Los monarcas españoles se han pasado los dos últimos siglos de la ceca a la meca. Pocas cosas hacían con tanta soltura como ir y venir del exilio, y una de estas venidas se produjo el 9 de enero de 1875, cuando Alfonso XII desembarcó en Barcelona para reasentarse en el trono tras seis años de exilio forzoso y compartido con su madre, Isabel II. Los libros de Historia marcan este día como aquel en el que el rey Alfonso XII restauró la dinastía de los Borbones en España, pero él no restauró nada. Lo restauraron a él, porque Alfonso XII sólo vino cuando se le llamó. Nunca antes.
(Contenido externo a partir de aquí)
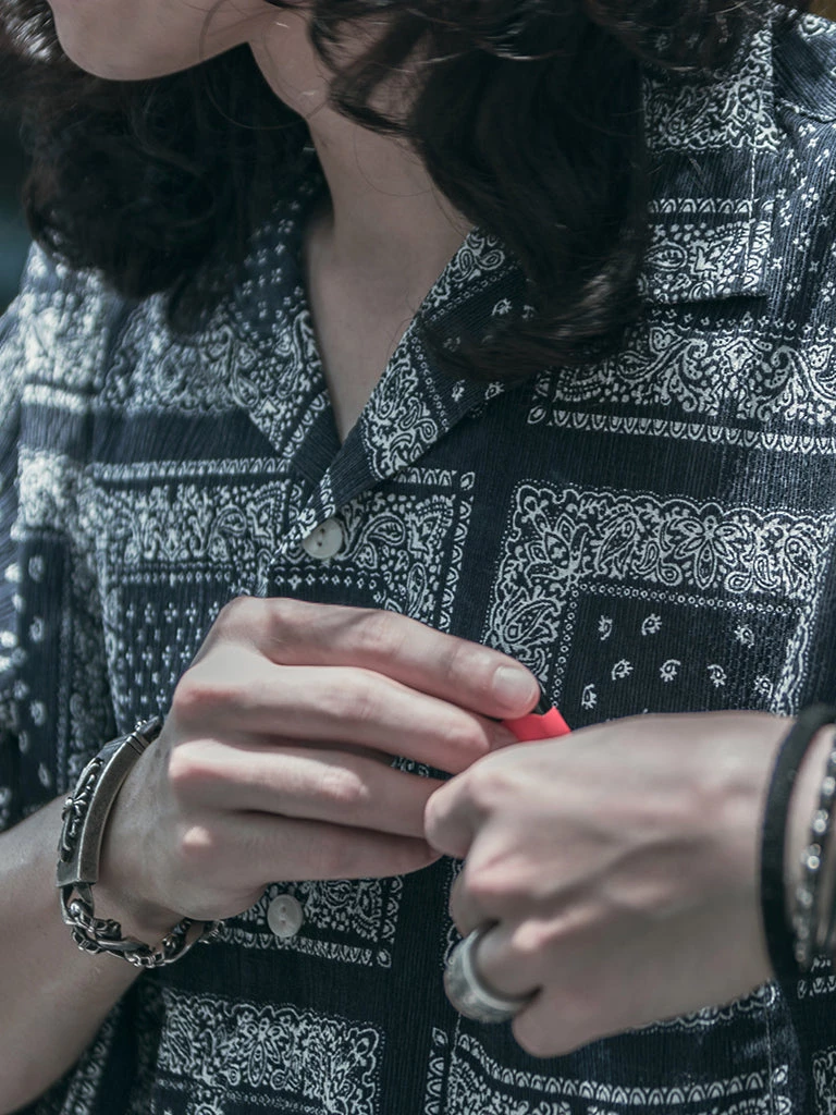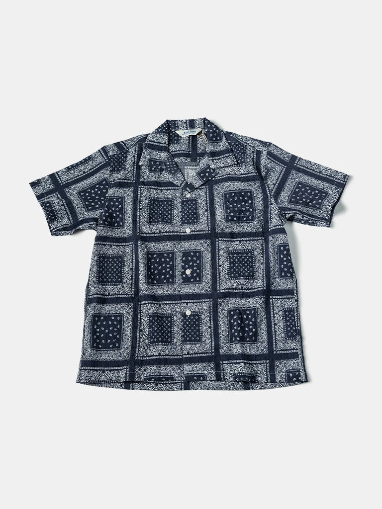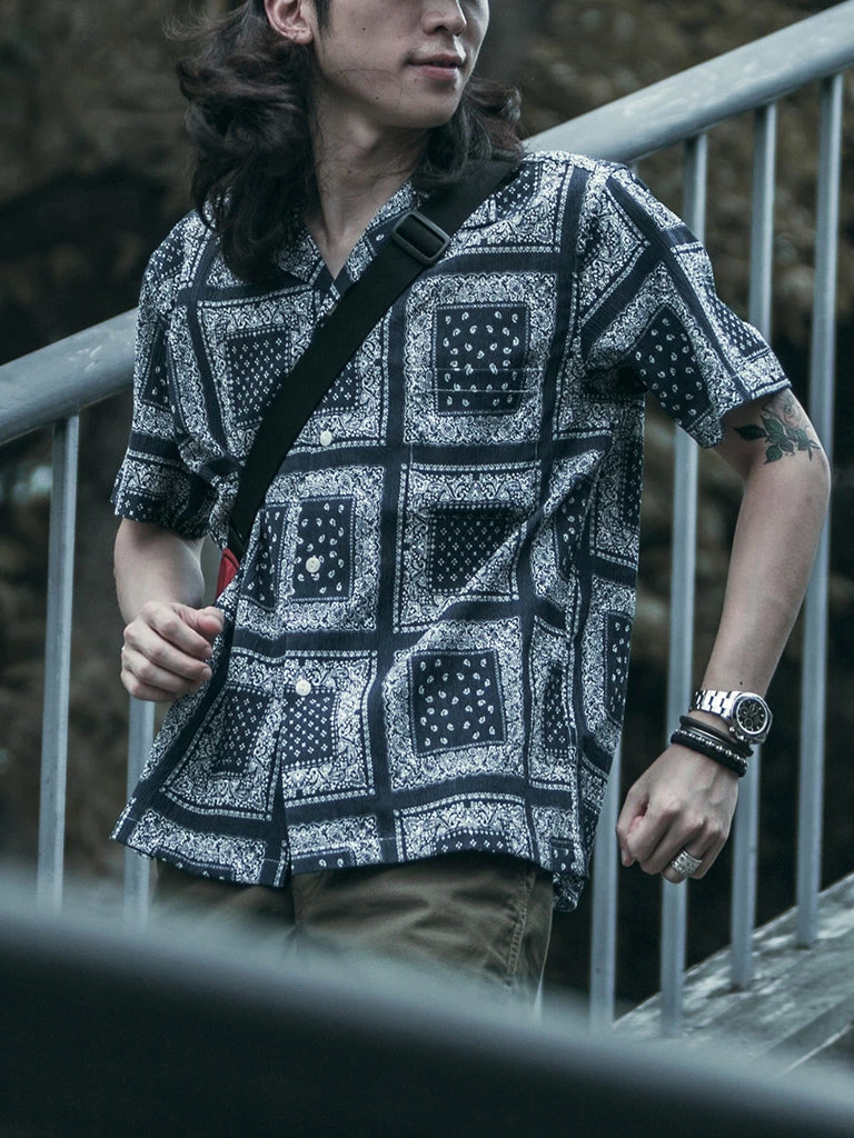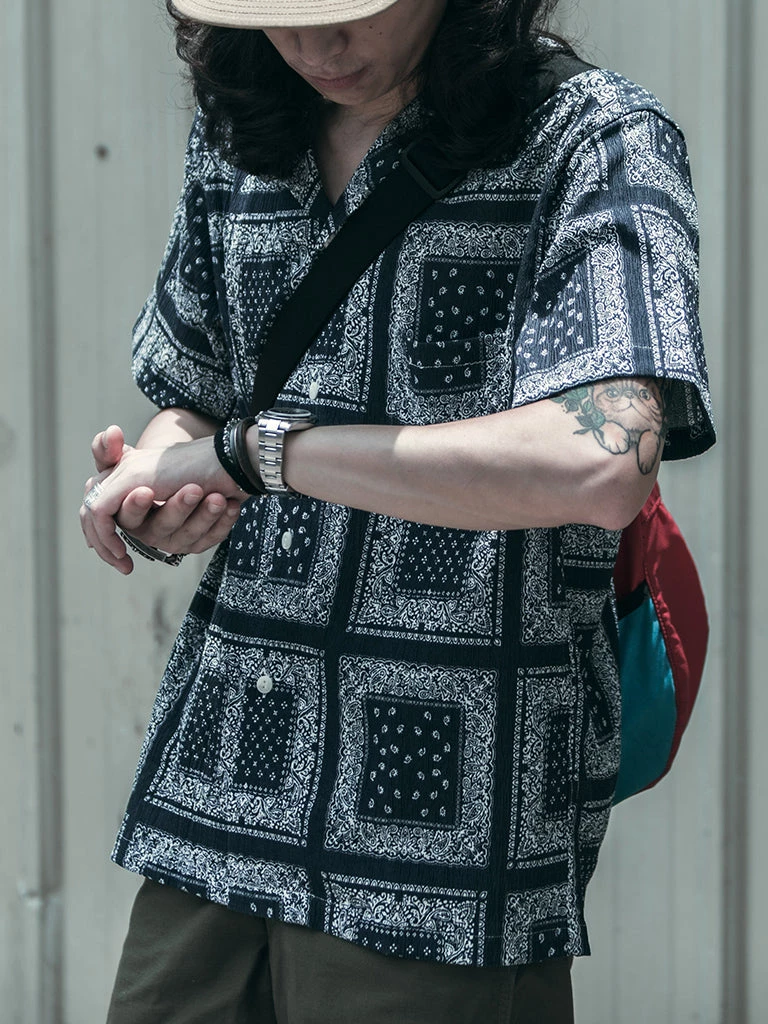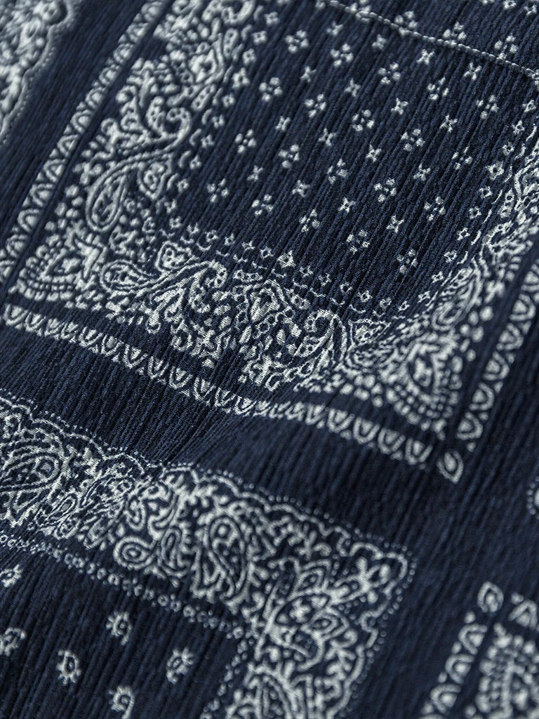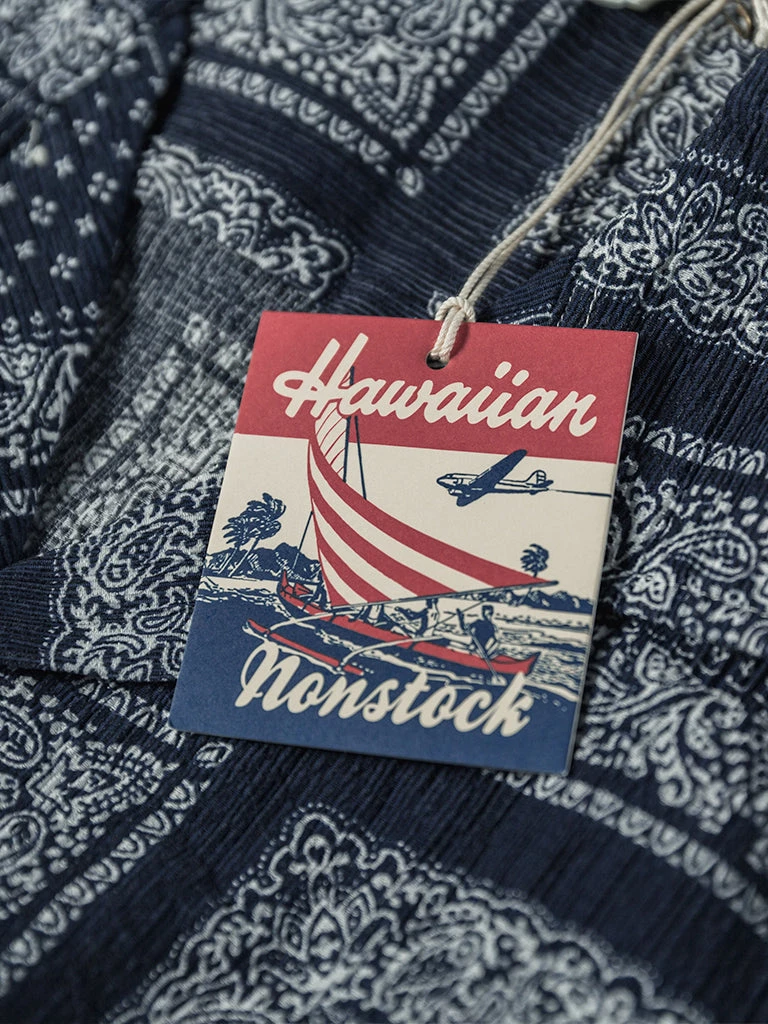 This shirt is reminiscent of the open collar shirts of the 1950s, made of rayon seersucker, uses paisley print, has navy & sky blue, two colors.
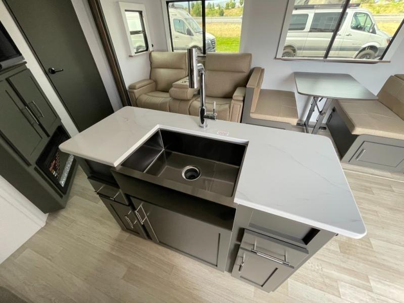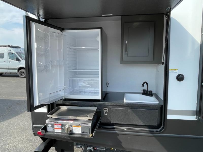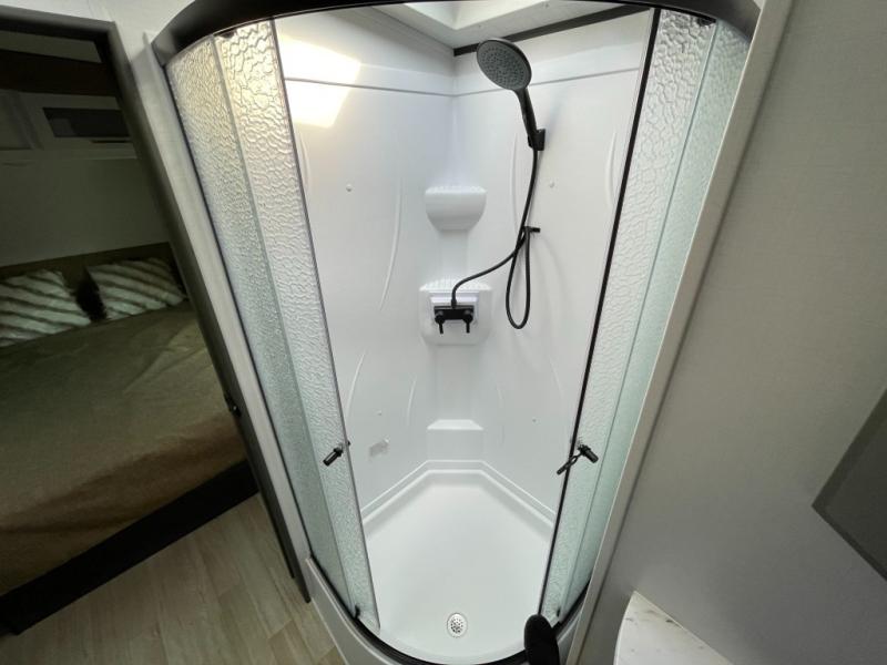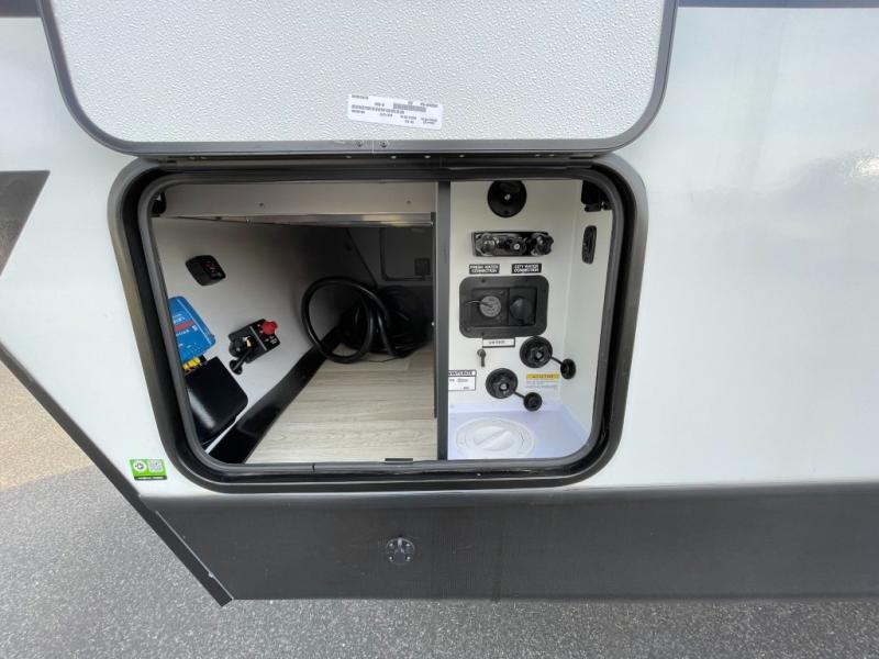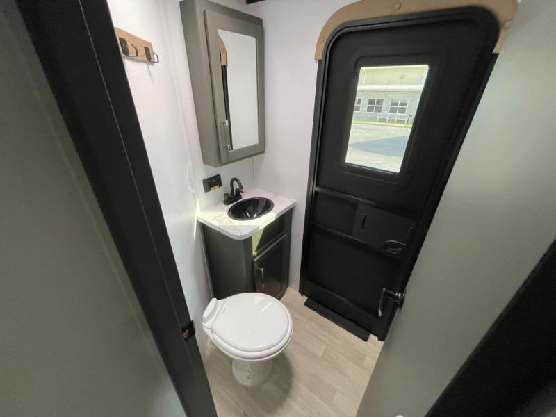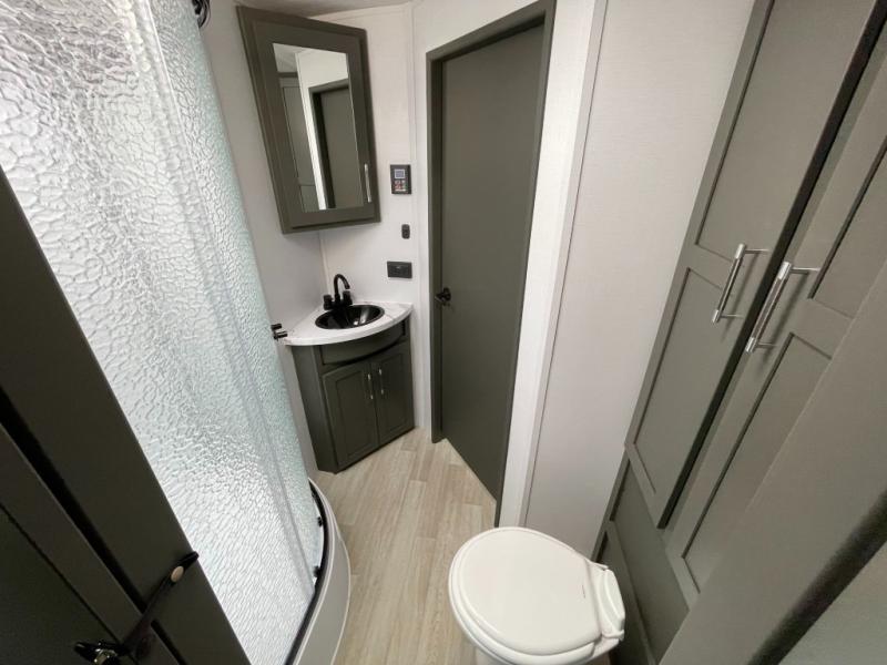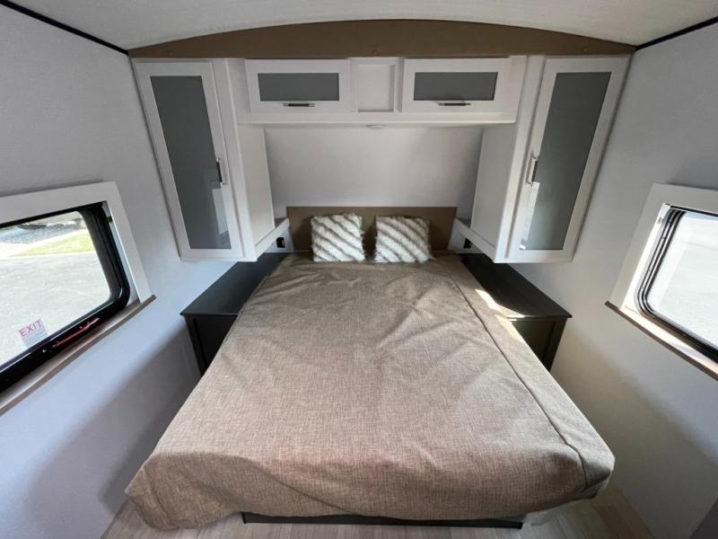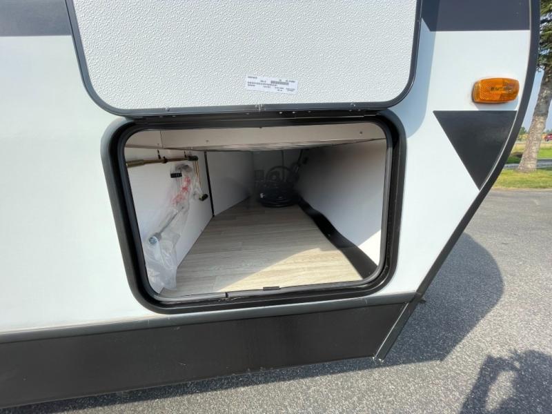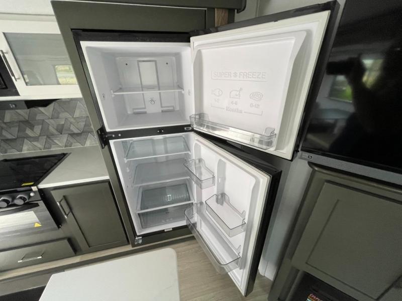 This travel trailer is one the whole gang will love! There is a rear private bunkhouse suite for your guests or the kids, plus a front master bedroom for you. The bunkhouse includes a tri-fold sofa with a flip-up bunk across from a second bunk, plus there is a half bath with its own exterior entry door! The full walk-through bath leads into the front bedroom where you'll find a queen bed and dual wardrobes to keep your room tidy. Dual opposing slides in the combined living area and kitchen will provide ample space to move about, and you will find comfy seating on the tri-fold sofa and Do-More dinette table. There is even a fireplace and an entertainment center!

El desastre político de España era tal en aquella segunda mitad del siglo XIX, que el menor de los males era tener un rey. En pocas palabras: Isabel II se exilió en París con toda su prole tras la revolución de 1868; llegaron después varios gobiernos provisionales, todos a la greña; más tarde apareció un rey italiano de saldo que atendía por Amadeo I de Saboya; después vino la Primera República, liquidada por un golpe de Estado del general Pavía, que entró hasta el hemiciclo montado a caballo; por último, y tras el número circense del general, vinieron varios gobiernos provisionales más. En mitad de todo esto, los carlistas dando la tabarra por el norte; los cantonalistas, por el sur; y los cubanos levantándose contra la madre patria. Todo este galimatías político es lo que la historia llama el Sexenio Revolucionario, por no llamarlo el Sexenio frenopático, porque los políticos de entonces acabaron con camisa de fuerza.
Pero durante estos seis años la causa borbónica estuvo siempre muy bien defendida en las Cortes por Antonio Cánovas del Castillo, que preparó el terreno para reinstaurar una monarquía moderna y constitucional. Todo estaba a punto de caramelo, cuando el general Martínez Campos va, se subleva en Sagunto y declara por su cuenta rey a Alfonso XII. A Cánovas le subió el azúcar, porque él llevaba años preparando el regreso de Alfonso XII por medios legales y políticos, y llega un general que hace lo mismo con un innecesario golpe de Estado.
Los objetivos del político y el general eran el mismo, pero, ya saben, para un militar del siglo XIX donde estuviera un buen golpe y cuatro tiros que se quitaran las interminables sesiones del Congreso, con mociones que aburrían a las ovejas.